**AVAILABLE DATA:**
============

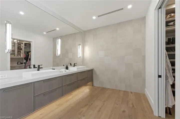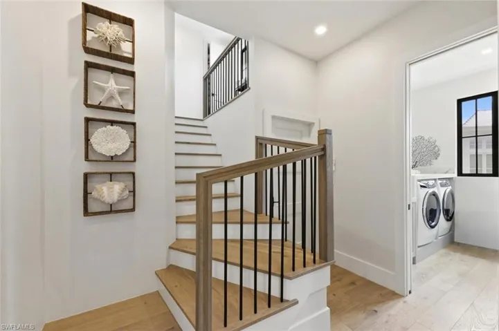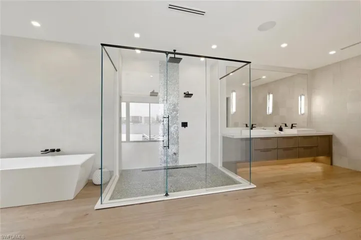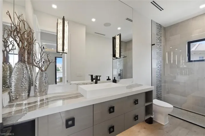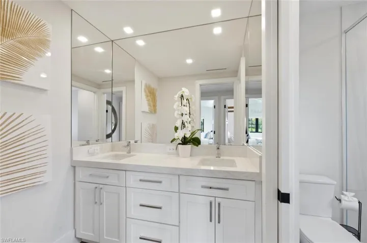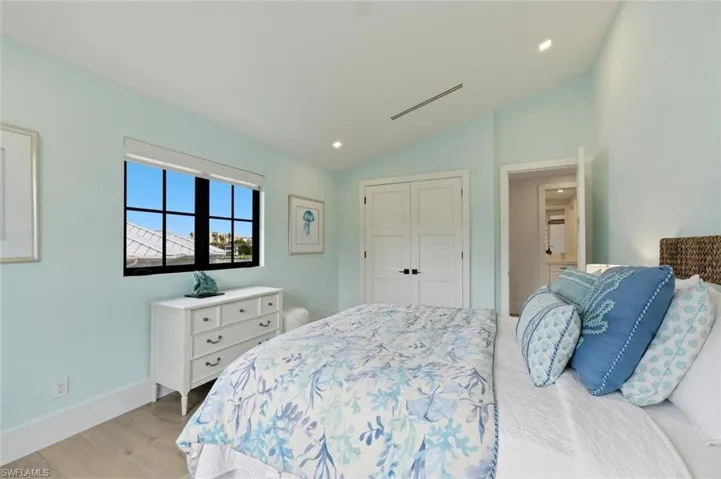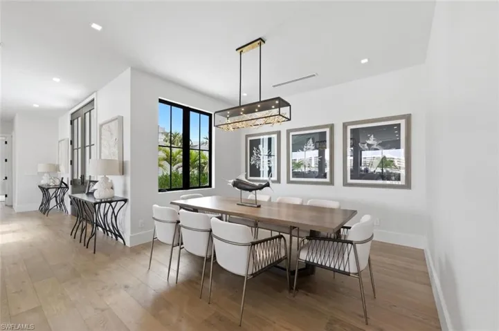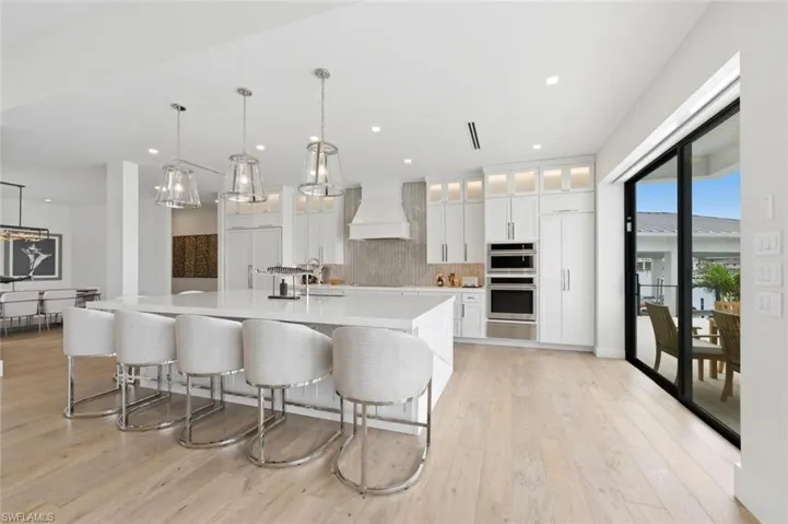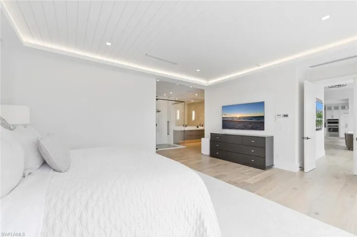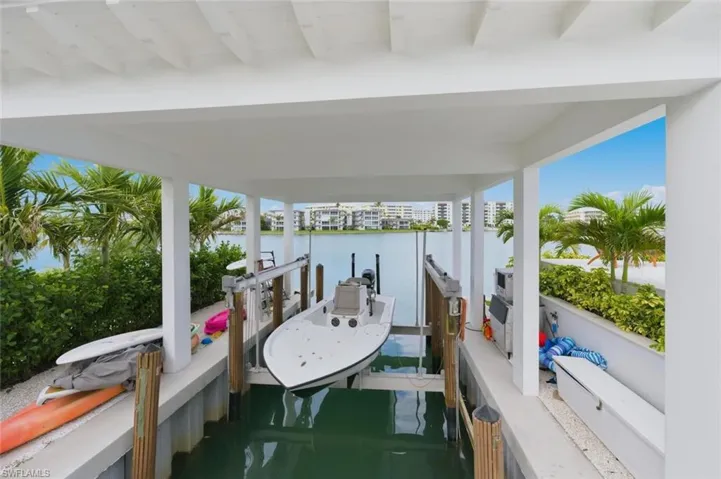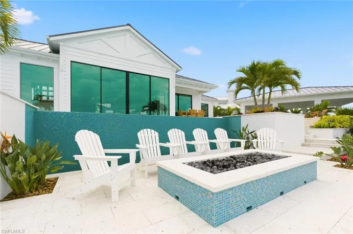Perfectly positioned at the tip of a quiet cul-de-sac, this exceptional waterfront residence captures sweeping views of Moorings Bay from Harbour Bridge to the south to Venetian Village to the north. Fully renovated and impeccably designed, this 5 bedroom, 4 bath home defines modern luxury living. The main living area is both sophisticated and inviting, featuring a spacious sectional, custom entertainment wall, soaring vaulted ceilings, rich wood flooring, and a serene sitting area that frames the sparkling bay views. Designed to impress, the chef’s kitchen showcases top-tier finishes, including an expansive island with seating for seven, an oversized refrigerator, wine cooler, and sleek white cabinetry. The open-concept layout flows effortlessly into the elegant dining area, highlighted by statement lighting and seating for eight—perfect for entertaining. The primary suite is a true retreat, offering a king-sized bed and a wall of windows overlooking the water. The spa-inspired primary bath features dual vanities, a soaking tub, an oversized walk-in shower, and a custom walk-in closet. Three beautifully appointed guest bedrooms, each with queen-sized beds, provide comfort and privacy for family and guests. A fifth bedroom currently serves as a stylish den with dual workspaces and a cozy seating area, with the option to convert it into a bedroom upon request. Just outside is your private waterfront oasis, boasting 170 feet of frontage, a resort-style pool, boathouse, gas fireplace, and lush tropical landscaping with swaying palms—an ideal setting for relaxation or entertaining. Residents also enjoy eligibility for membership to the exclusive Moorings Beach Park. This remarkable home offers a rare opportunity to experience the very best of Naples waterfront living. Live exceptionally in The Moorings.
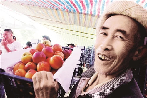 图为首届油桃节开幕式上,桃农南天梁在市场销售丰收的油桃。
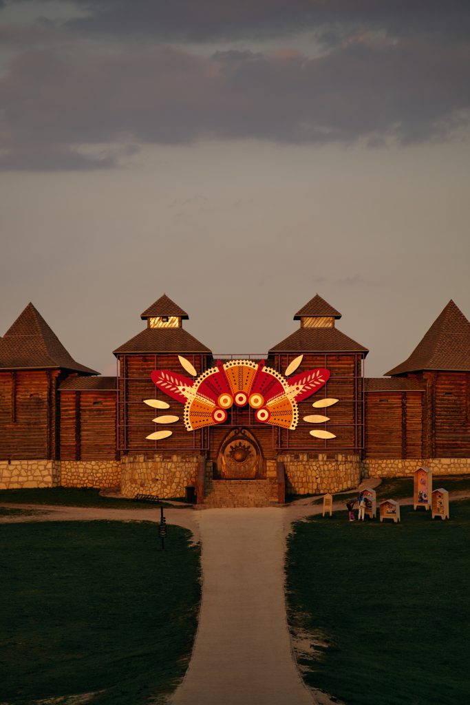Если ты думал, что активности на этом закончились, то нет, после сафари мы отправились дальше изучать окрестности. Так, нам показали будущий пляж, который сейчас активно готовят к сезону, купель с источником мудрости (существует легенда о том, что если выпить воды из девяти источников, то можно обрести вечную мудрость. Если же такой вариант кажется долгим, то можно забронировать номер в отеле, где эта же вода аккуратно разлита по бутылочкам). А также огромный помидор, который служит развлечением для юных посетителей парка (летом там устраивают тематический квест по мотивам книги «Алиса в стране чудес»), и деревянную крепость, где проходят различные выставки и фестивали.

============

Copy the listing in full and without alteration, omitting every picture.

**WRITTEN SOLUTION:**
Perfectly positioned at the tip of a quiet cul-de-sac, this exceptional waterfront residence captures sweeping views of Moorings Bay from Harbour Bridge to the south to Venetian Village to the north. Fully renovated and impeccably designed, this 5 bedroom, 4 bath home defines modern luxury living. The main living area is both sophisticated and inviting, featuring a spacious sectional, custom entertainment wall, soaring vaulted ceilings, rich wood flooring, and a serene sitting area that frames the sparkling bay views. Designed to impress, the chef’s kitchen showcases top-tier finishes, including an expansive island with seating for seven, an oversized refrigerator, wine cooler, and sleek white cabinetry. The open-concept layout flows effortlessly into the elegant dining area, highlighted by statement lighting and seating for eight—perfect for entertaining. The primary suite is a true retreat, offering a king-sized bed and a wall of windows overlooking the water. The spa-inspired primary bath features dual vanities, a soaking tub, an oversized walk-in shower, and a custom walk-in closet. Three beautifully appointed guest bedrooms, each with queen-sized beds, provide comfort and privacy for family and guests. A fifth bedroom currently serves as a stylish den with dual workspaces and a cozy seating area, with the option to convert it into a bedroom upon request. Just outside is your private waterfront oasis, boasting 170 feet of frontage, a resort-style pool, boathouse, gas fireplace, and lush tropical landscaping with swaying palms—an ideal setting for relaxation or entertaining. Residents also enjoy eligibility for membership to the exclusive Moorings Beach Park. This remarkable home offers a rare opportunity to experience the very best of Naples waterfront living. Live exceptionally in The Moorings.
 图为首届油桃节开幕式上,桃农南天梁在市场销售丰收的油桃。
Если ты думал, что активности на этом закончились, то нет, после сафари мы отправились дальше изучать окрестности. Так, нам показали будущий пляж, который сейчас активно готовят к сезону, купель с источником мудрости (существует легенда о том, что если выпить воды из девяти источников, то можно обрести вечную мудрость. Если же такой вариант кажется долгим, то можно забронировать номер в отеле, где эта же вода аккуратно разлита по бутылочкам). А также огромный помидор, который служит развлечением для юных посетителей парка (летом там устраивают тематический квест по мотивам книги «Алиса в стране чудес»), и деревянную крепость, где проходят различные выставки и фестивали.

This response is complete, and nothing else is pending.